Obviously I hard coded it based on what I was expecting for the spec, but perhaps the basics of something to align wide chars is doable / reasonable ... I think there's a lot of corner cases on emoji chars and some are half-chars, but the output would atleast be sensible in most cases, vs the super shifted one I showed above.

grondo · 2023-05-16T23:58:25Z

Yeah, that might work! I wonder if we should have a special conversion so this doesn't have to be done for every string that is being formatted, or maybe there's some other way to better detect a possible "wide" string (or maybe it is fast enough that it doesn't matter)

grondo · 2023-05-17T00:00:33Z

BTW I stumbled across this library https://gitlab.com/fgallaire/cjkwrap/-/blob/master/cjkwrap.py
That has a ckjlen() function (len of a possible wide string) that we could maybe pilfer:

def cjklen(text):
     """cjklen(object) -> integer
         Return the real width of an unicode text, the len of any other type.
     """
     if not isinstance(text, text_type):
         return len(text)
     return sum(2 if is_wide(char) else 1 for char in text)

grondo · 2023-05-17T00:03:47Z

Just removed WIP since the RFC 19 changes went in.

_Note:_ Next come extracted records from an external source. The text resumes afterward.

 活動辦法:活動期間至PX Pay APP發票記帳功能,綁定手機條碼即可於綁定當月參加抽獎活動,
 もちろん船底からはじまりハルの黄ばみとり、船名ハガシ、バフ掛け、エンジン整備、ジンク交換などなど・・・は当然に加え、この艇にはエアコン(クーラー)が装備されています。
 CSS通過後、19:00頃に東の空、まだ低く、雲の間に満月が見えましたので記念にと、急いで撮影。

codecov · 2023-05-17T00:13:21Z

Codecov Report

Merging #5174 (631e983) into master (c0e977c) will increase coverage by 0.02%.
The diff coverage is 90.66%.

@@            Coverage Diff             @@
##           master    #5174      +/-   ##
==========================================
+ Coverage   83.13%   83.15%   +0.02%     
==========================================
  Files         454      455       +1     
  Lines       77961    78035      +74     
==========================================
+ Hits        64814    64892      +78     
+ Misses      13147    13143       -4

Impacted Files	Coverage Δ
src/bindings/python/flux/job/info.py	`92.85% <ø> (ø)`
src/common/libutil/fluid.c	`93.17% <85.71%> (-0.30%)`	⬇️
src/common/libutil/basemoji.c	`90.62% <90.62%> (ø)`
src/bindings/python/flux/job/JobID.py	`100.00% <100.00%> (ø)`
src/common/libjob/id.c	`90.69% <100.00%> (+0.22%)`	⬆️

... and 5 files with indirect coverage changes

chu11 · 2023-05-17T00:20:42Z

I wonder if we should have a special conversion so this doesn't have to be done for every string that is being formatted

Oh that's a good idea. And honestly, we could just limit it to certain formatting in that case. like >\d+ and <\d+ or something.

chu11

LGTM

chu11 · 2023-05-17T04:46:10Z

ehhh, this wasn't too awful, maybe could propose in a follow up PR (probably can cleanup some logic here).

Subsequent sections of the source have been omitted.